Once you have figured out which key to remove, use the command sudo apt-key del <keyid> where <keyid> is replaced with the actual keyid of the key you want to remove from your keyring.

$ sudo apt-key del B455BEF0
$ apt-key list | grep clicompan
$

On 16.10 the short key id is no longer shown when you use the list command, but it is actually the last 8 characters of the long hex.

So for example the key id for the following key

/etc/apt/trusted.gpg.d/ubuntu-keyring-2012-cdimage.gpg
------------------------------------------------------
pub   rsa4096 2012-05-11 [SC]
      8439 38DF 228D 22F7 B374  2BC0 D94A A3F0 EFE2 1092
uid           [ unknown] Ubuntu CD Image Automatic Signing Key (2012) <[email protected]>

The key id will be EFE21092

I made a short script to make things easier and using a string instead of the id.

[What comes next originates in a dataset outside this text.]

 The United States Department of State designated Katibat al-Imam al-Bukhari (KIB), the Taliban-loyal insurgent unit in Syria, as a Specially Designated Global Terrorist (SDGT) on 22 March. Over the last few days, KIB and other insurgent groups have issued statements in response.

You can use my script if the key contains a unique string you know.
e.g. in my case for webmin

pub   1024D/11F63C51 2002-02-28
uid                  Jamie Cameron <[email protected]>
sub   1024g/1B24BE83 2002-02-28

I'm sure only the webmin key on my system has jcameron than I use this script to remove the according key.

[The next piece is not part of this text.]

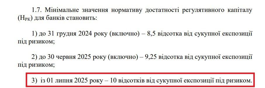Но что никто не засекречивал и что есть в официальной отчетности, это текущие значения норматива достаточности капитала каждого банка, к которому привязывалась оценка регулятора: он показывает, достаточно ли у банка собственных денег (капитала) для покрытия возможных проблем по погашению выданных кредитов. По постановлению НБУ №65 от 7 июня 2024 года текущее требование Нацбанка — это 10%, то есть банки должны делать все возможное, что этот норматив не спускался ниже 10%. Больше можно (приветствуется самая большая цифра), меньше нельзя.

I saved it as ~/removeAptKey

and run it as

sudo ./removeAptKey jcameron

The ouput should be something like

KEYID: 11F63C51
OK

Here is my script:

#!/bin/bash

function printKeys(){
    echo "Installed keys are"
    echo ""
    sudo apt-key list
}

if [[ $EUID -ne 0 ]]; then
   echo "This script must be run as root" 1>&2
   exit 1
fi

if [[ $# -eq 0 ]]
then
    echo "No key name provided"
    exit 1
fi

UNIQUE=$1

sudo apt-key list | grep "${UNIQUE}" -B 1 > result.temp

LENGTH=$(cat result.temp | wc -l)

if [[ ${LENGTH} -gt 2 ]]
then
    echo "Attention you found more than 1 key. Use a more specific string."
    printKeys
    exit 2
fi

if [[ ${LENGTH} != 2 ]]
then
    echo "Key not found. Doing nothing."
    printKeys
    exit 3
fi

KEYID=$(cat result.temp | grep 'pub' | cut -d " " -f 4 | cut -d "/" -f 2)
echo "KEYID: "$KEYID

apt-key del ${KEYID}

rm result.temp

First I get the upper two lines of my key's block:

• sudo apt-key list: lists the apt keys as usual
• grep '${UNIQUE}' -B 1: take only the line containing the unique key string jcameron and -B 1 the line before
• > result.temp: Save it in a file (which is later removed)

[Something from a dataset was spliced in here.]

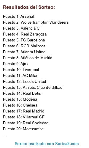 Lista de participantes: Inter, Wolverhampton Wanderers, AC Milan, Leeds United, Borussia Dortmund, RCD Mallorca, FC Barcelona, Arsenal, Valencia CF, CD Tenerife, Ajax, RCD Espanyol, SL Benfica, Real Betis, Manchester United, Athletic Club de Bilbao, Liverpool, Real Madrid, Chelsea, RC Celta de Vigo, Manchester City, Real Sociedad, Real Zaragoza, Atlético de Madrid, Atlanta United, FC Bayern Munich, Villarreal CF, FC Andorra, Morecambe, Modena.

If this returns exactly 2 lines (-> got exactly 1 key) I move on:

• grep 'pub': Now take only the line with the pup key id
• cut -d " " -f 4: take the 4th word of that line (the first is pub than come two spaces, than the string we are after ``)
• cut -d "/" -f 2: take only the part after /

And finally delete this key and cleanup

• apt-key del ${KEYID} (in my case 11F63C51)
• rm result.temp: don't need this file anymore